St. Clair Avenue is well known for the high population of Portuguese, Latin American and Italian people. St. Clair is usually where the Italian and Portuguese soccer fans celebrate after a game their nations won. Over the years, the Italian and Portuguese people throughout Toronto have established a rivalry in soccer against each other. One of the largest celebrations on St. Clair Avenue was when Italy won the 1982 FIFA World Cup, which involved an estimated 300,000 fans, shutting the street down for nearly 20 blocks between Caledonia and Oakwood.

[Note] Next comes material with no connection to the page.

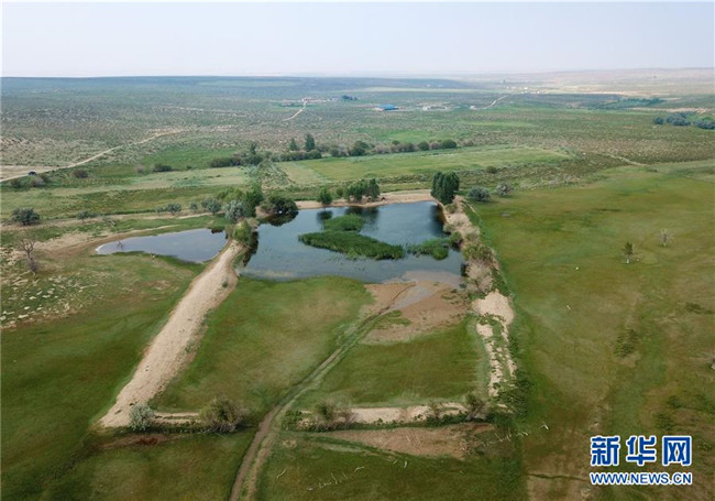 內(nèi)蒙古杭錦旗沙日召嘎查牧民白音道爾計治理過的庫布其沙漠(7月31日無人機(jī)拍攝)。新華社記者邢廣利攝

Corso Italia, Toronto's other Italian enclave, is found on St. Clair Avenue West, between Westmount Avenue (just east of Dufferin Street) and Lansdowne Avenue. St. Clair West is also used as an umbrella term to refer to all neighbourhoods from Old Weston Road to Bathurst as they share a similar building style. Although the area has been historically referenced as predominantly Italian, it is no longer populated by any one majority. Many new homebuyers looking to purchase in the city are choosing St. Clair West for its relatively modest home prices, the pride of ownership apparent throughout its neighbourhoods, and the new St. Clair Ave. TTC streetcar right-of-way.

St. Clair Avenue holds Toronto's biggest celebration of salsa Latino culture. The two-day street festival attracts an estimate of 250,000–500,000 people, the majority of them being from Latinos living in Toronto and all over Ontario come together to dance, eat, shop and celebrate the culture of Latin America. The festival is always held in July on the week, which it has been traditionally recognized as Latino Week in Toronto, in honour of the festival.

== Landmarks ==
- Dawes Road Cemetery
- Deer Park United Church
- First Unitarian Congregation of Toronto
- Holy Rosary Catholic Church, at 354 St. Clair Ave. West
- Imperial Oil Building
- Loring-Wyle Parkette at St. Clair and Mount Pleasant
- Providence Healthcare
- R. H. King Academy
- Timothy Eaton Memorial Church, at 230 St. Clair Avenue West
- Wittington Tower

== In culture and media ==
"A Bus Along St. Clair: December" is the last poem of The Journals of Susanna Moodie (1970), a book of poems by Margaret Atwood.

"Jane St. Clair", in the Barenaked Ladies' song "Jane", is named for the intersection of Jane Street and St. Clair Avenue.